From the line with "Vnútorné zipsové vrecko, odopínateľný" to the line with "ベースの素材は前回人気だった", retype each line exactly as it stands in the records below, but skip the pictures.

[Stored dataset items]
==============================

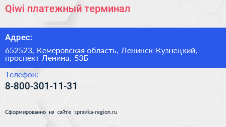 Qiwi, платежный терминал по адресу 652523, Кемеровская область, Ленинск-Кузнецкий, проспект Ленина, 53Б в дальнейшем Организация, размещена в следующих категориях:
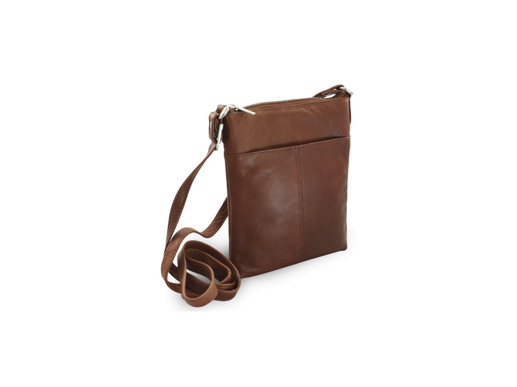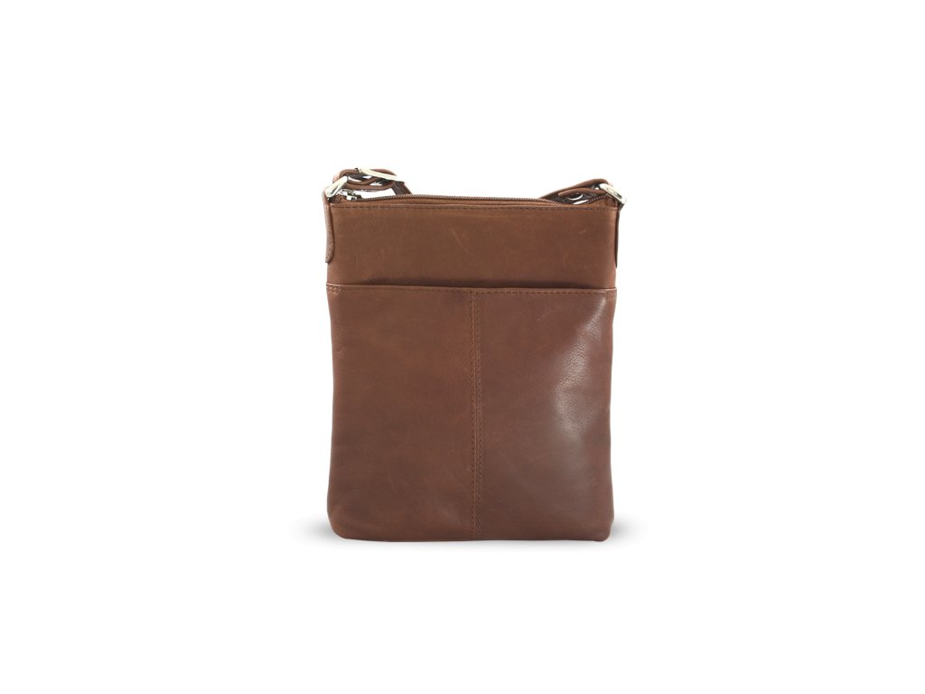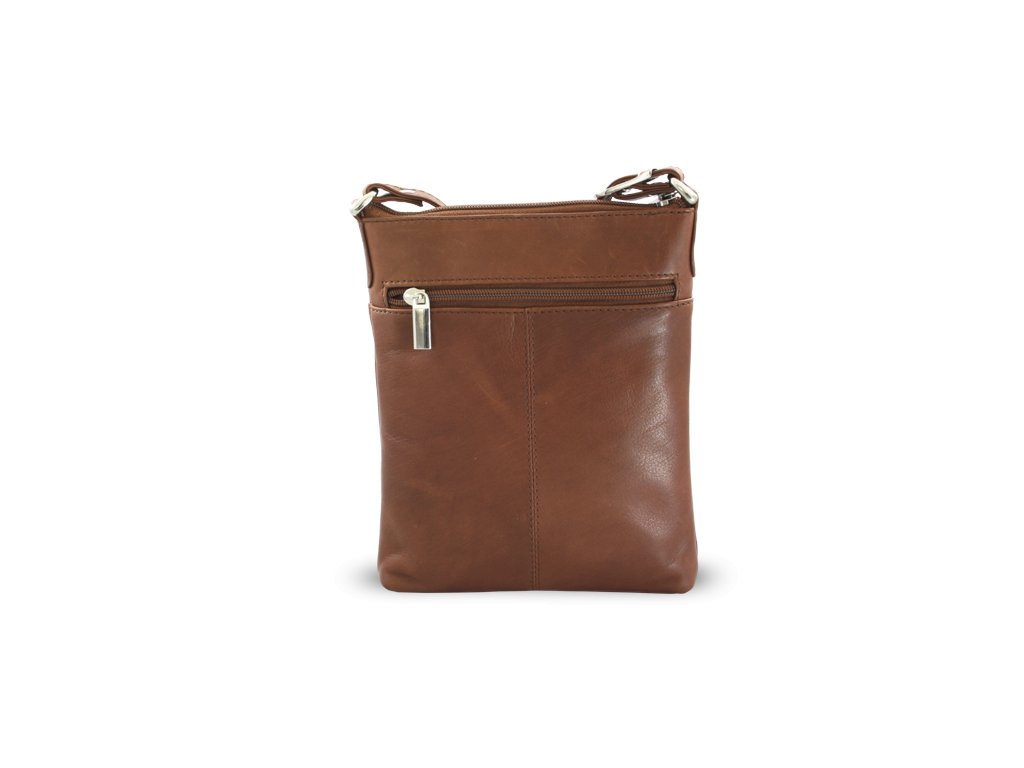 Vnútorné zipsové vrecko, odopínateľný krúžok na kľúče, zrkadlo v koženom púzdre, vonkajšie zipsové a otvorené vrecko, nastaviteľný kožený popruh v max. dĺžke 140 cm.
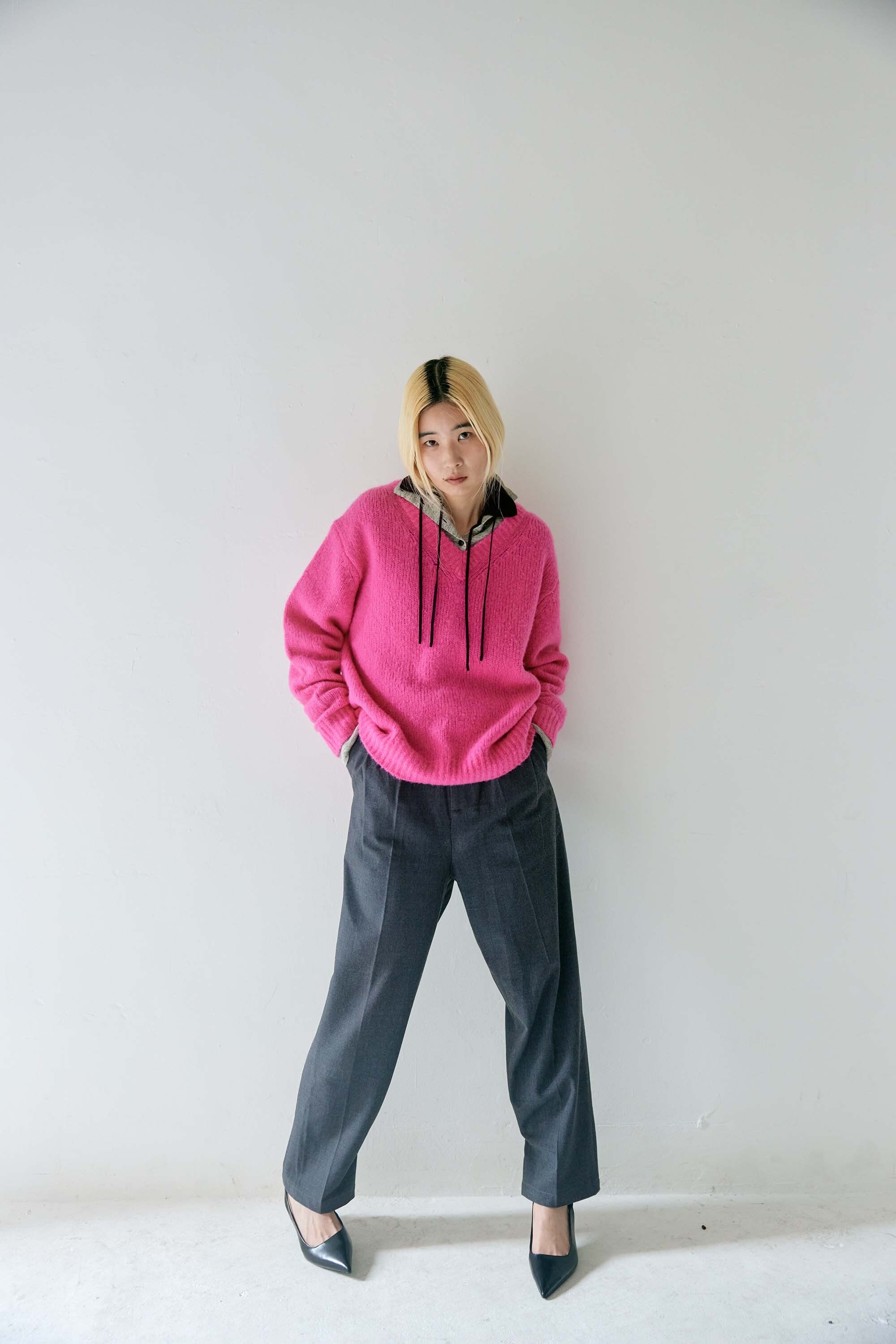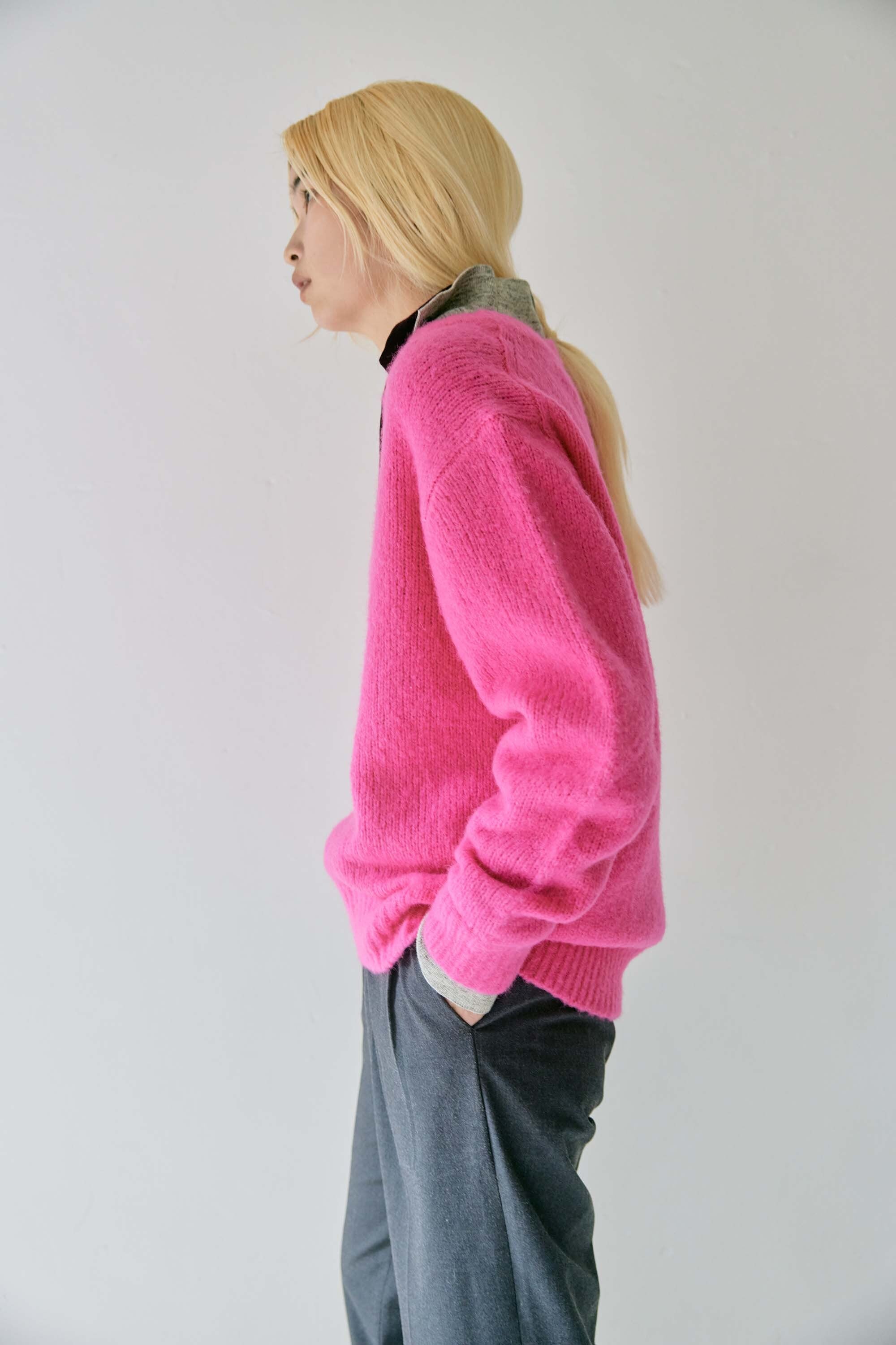 ベースの素材は前回人気だったアルパカ混のとても軽くて温かい素材を使用し、衿と袖口は綿カシミヤを使用。コートを羽織る時期でも1枚でレイヤードスタイルを楽しめるので、着ぶくれせず快適に過ごせるように考えたデザインです。
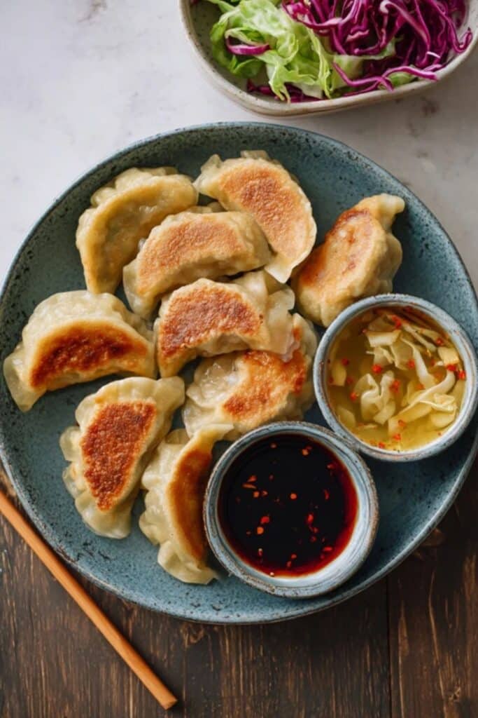 Instead of filling the mixture mostly with pork, these dumplings pack in plenty of shredded cabbage plus a moderate amount of lean ground chicken, turkey, or crumbled tofu. You still get that rich dumpling flavor from garlic, ginger, soy sauce, and sesame oil, but the cabbage lightens everything up and adds a subtle sweetness. The result: pan-fried cabbage dumplings that feel indulgent, but sit lighter than meat-heavy versions.
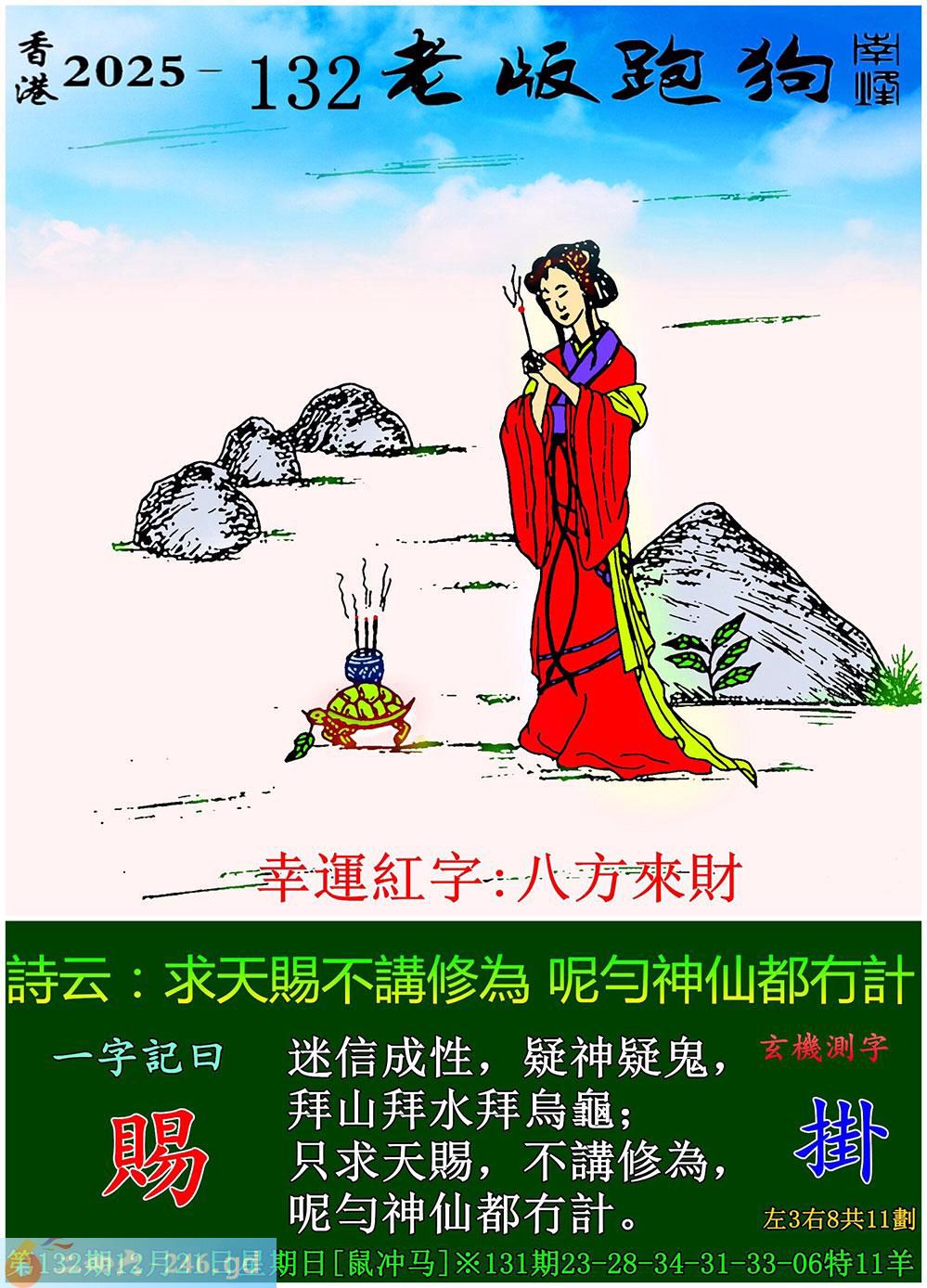 六合彩132期老版跑狗一字記之曰:【賜】 詩雲:求天賜不講修為,呢勻神仙都冇計。

==============================

- EXERCISE SOLUTION:
 Vnútorné zipsové vrecko, odopínateľný krúžok na kľúče, zrkadlo v koženom púzdre, vonkajšie zipsové a otvorené vrecko, nastaviteľný kožený popruh v max. dĺžke 140 cm.
 ベースの素材は前回人気だったアルパカ混のとても軽くて温かい素材を使用し、衿と袖口は綿カシミヤを使用。コートを羽織る時期でも1枚でレイヤードスタイルを楽しめるので、着ぶくれせず快適に過ごせるように考えたデザインです。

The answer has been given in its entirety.